The printed result should hold only the lines from the opening of the data through the line bearing "吳宛容中醫師指出,治療狐臭重", exactly as given and without pictures.

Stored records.
──────────

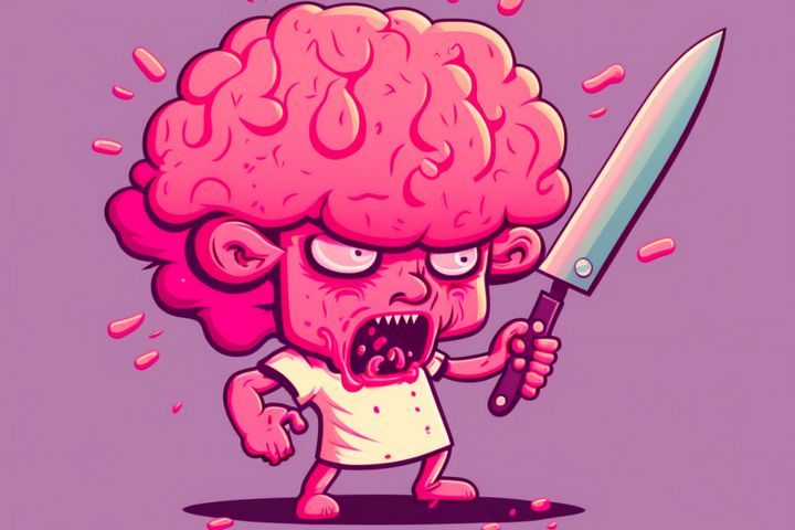 Продаю: розовый мозг с инкрустированным кухонным ножом, мультяшный стиль - готовая работа на продажу :8381
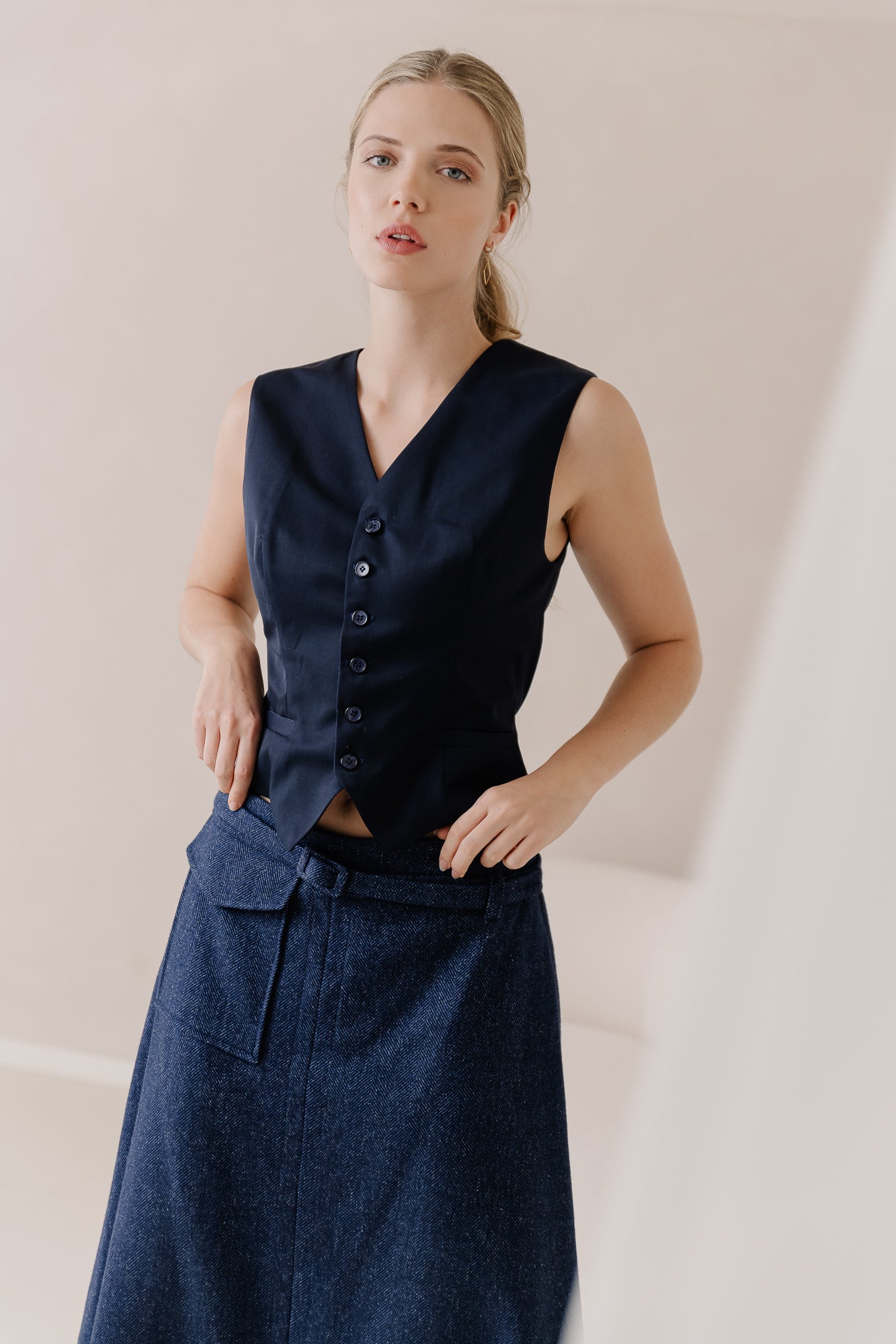 - Fitted waistcoat with linear buttons
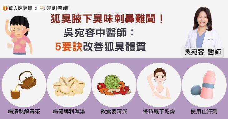 吳宛容中醫師指出,治療狐臭重點在於「清熱祛濕」。濕熱性體質的人平時應避免辛辣、油膩及冰冷食物,應多食用健脾化濕食材,如薏仁、茯苓、荷葉等。
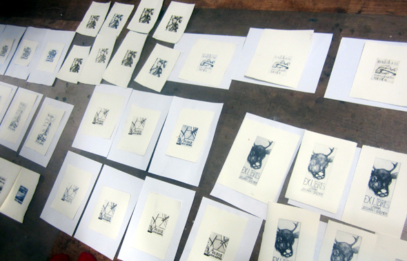 Lauantain ja sunnuntain ohjelmassa oli ex libristen teko kuivaneulalla pienille kuparilaatoille. Opettajamme Hilja Jylänki kiersi tarkistamassa, millaisia uria saimme aikaiseksi etsauspiikeillä. Lähes jokainen sai komennon, jatka ja syvennä. Sunnuntaina ensimmäiset koevedokset kertoivat, että hän oli oikeassa. Urien piti olla tasalaatuisen syvät, ennen kuin väri toistui kauniisti. Minä olin tässä lajissa täysin tumpelo. Kuva kyllä onnistui, mutta tekstit pomppivat sinne tänne. Lupasin tehdä uuden version, kunhan pääsen omalle grafiikkapajalle ja voin syövyttää viivat.
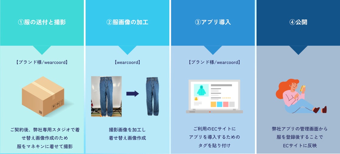 アパレル企業様で販売している商品を、当社スタジオにて異なる体型や身長のマネキンに着用させ撮影したものを画像化し、「wearcoord」に取り込むことでリアルなサイズ感を表現した試着コーディネート機能の利用が可能となります。
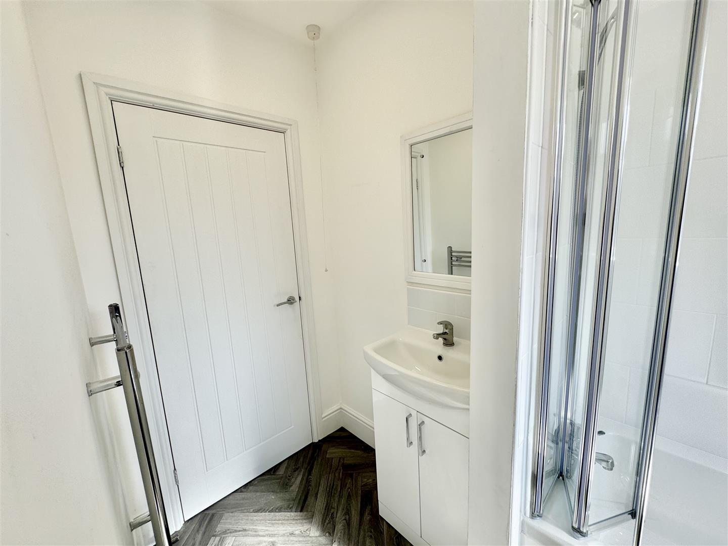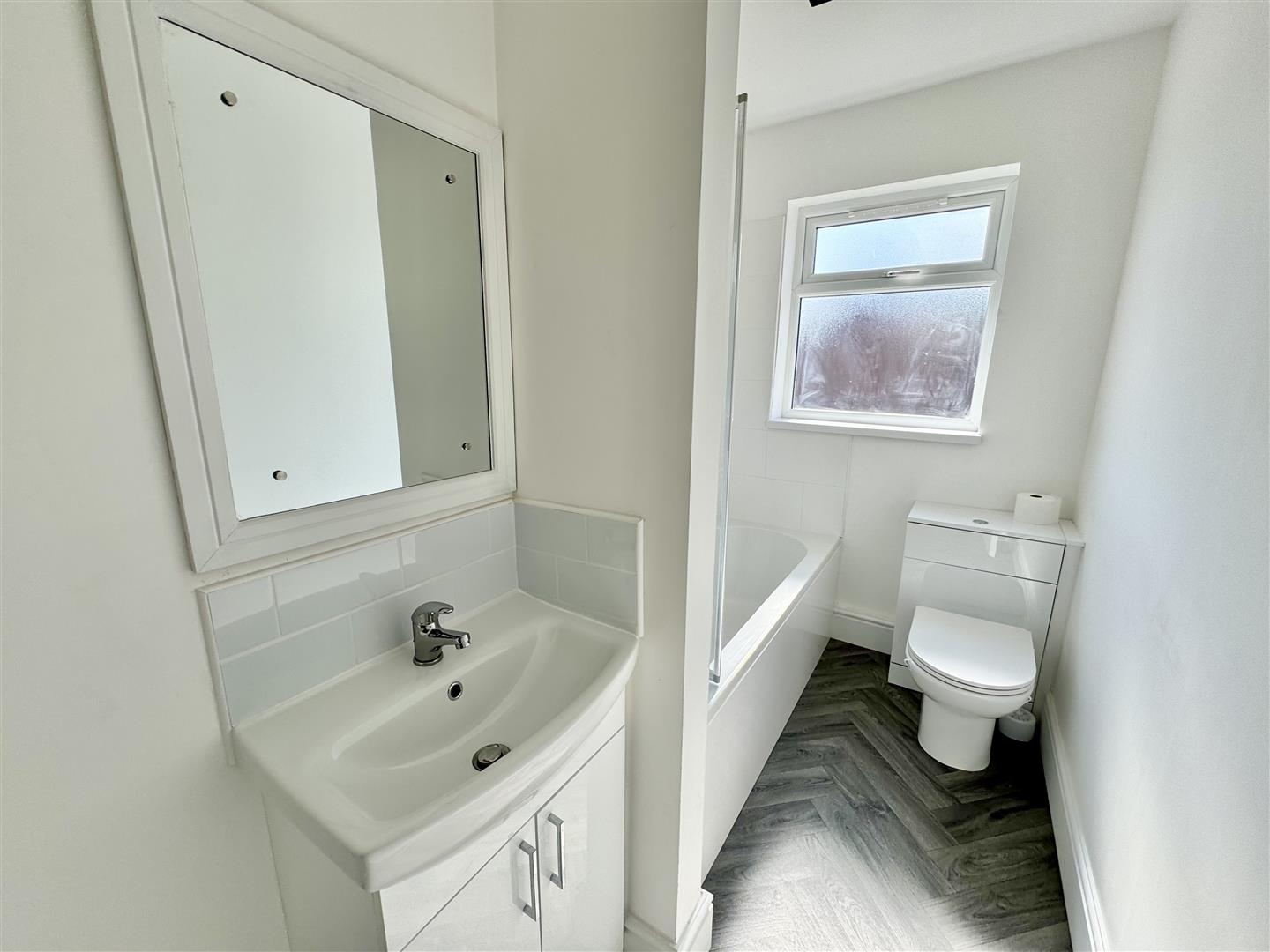 Another room completely refurbished having a three piece suite in white consisting of a panel bath with mixer tap and shower attachment, low level WC and vanity wash basin with mixer tap and storage under. There is white tiling to splash areas, a chrome ladder towel radiator and double glazed window with obscure glass. There are two low energy ceiling lights, vinyl flooring and an internal door leads to the landing.
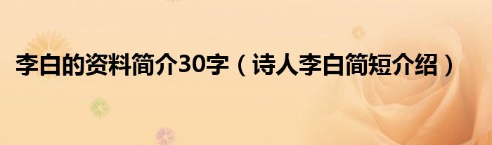 大家好,伊人来为大家解答以上问题。李白的资料简介30字,诗人李白简短介绍很多人还不知道,现在让我们一起来看看吧!
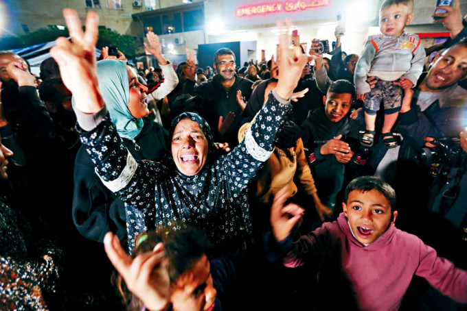 ▲加沙地帶中部代爾拜拉赫的居民,周三得知達成?;饏f議后歡喜若狂。
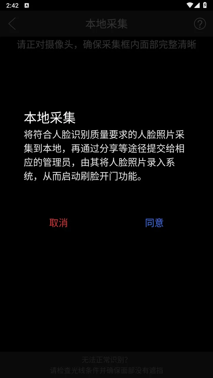 3. 适用场景广泛,无论是小区门禁还是上班打卡等,都能轻松实现,为生活各方面提供便利,还可利用信息化技术录入人脸照片,选择保存到本地或分享到其他应用。
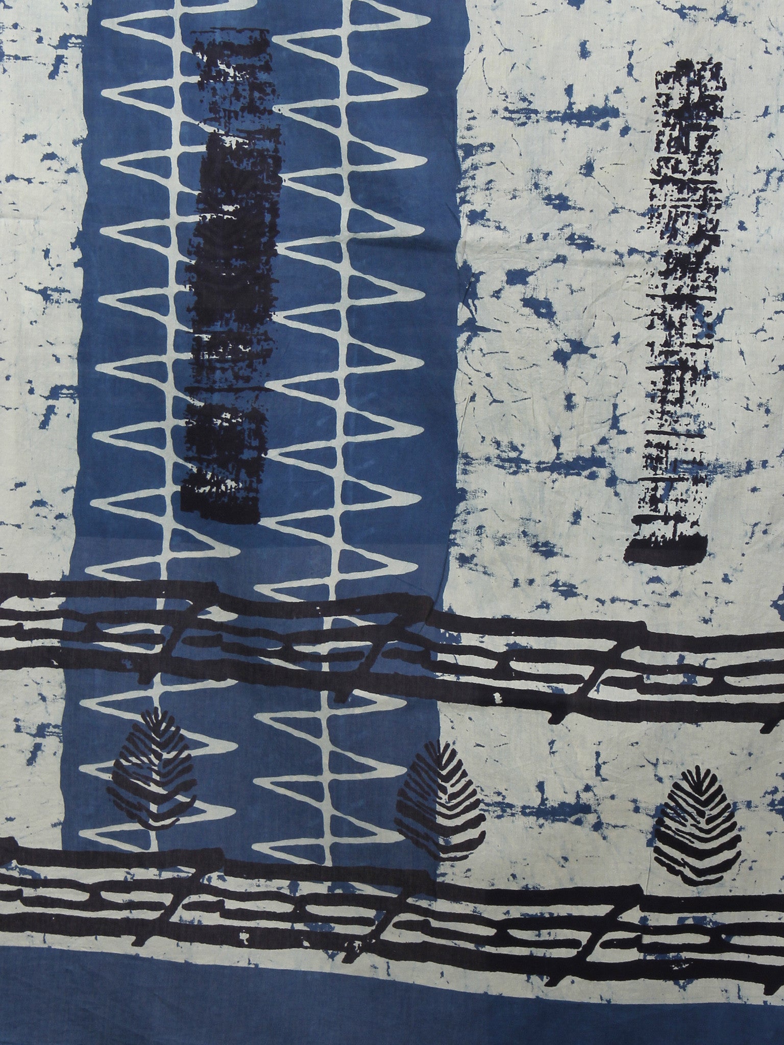 Indigo Ivory Black Grey Mughal Nakashi Ajrakh Hand Block Printed Cotton Stole - S63170168

──────────

Task solution.
 Продаю: розовый мозг с инкрустированным кухонным ножом, мультяшный стиль - готовая работа на продажу :8381
 - Fitted waistcoat with linear buttons
 吳宛容中醫師指出,治療狐臭重點在於「清熱祛濕」。濕熱性體質的人平時應避免辛辣、油膩及冰冷食物,應多食用健脾化濕食材,如薏仁、茯苓、荷葉等。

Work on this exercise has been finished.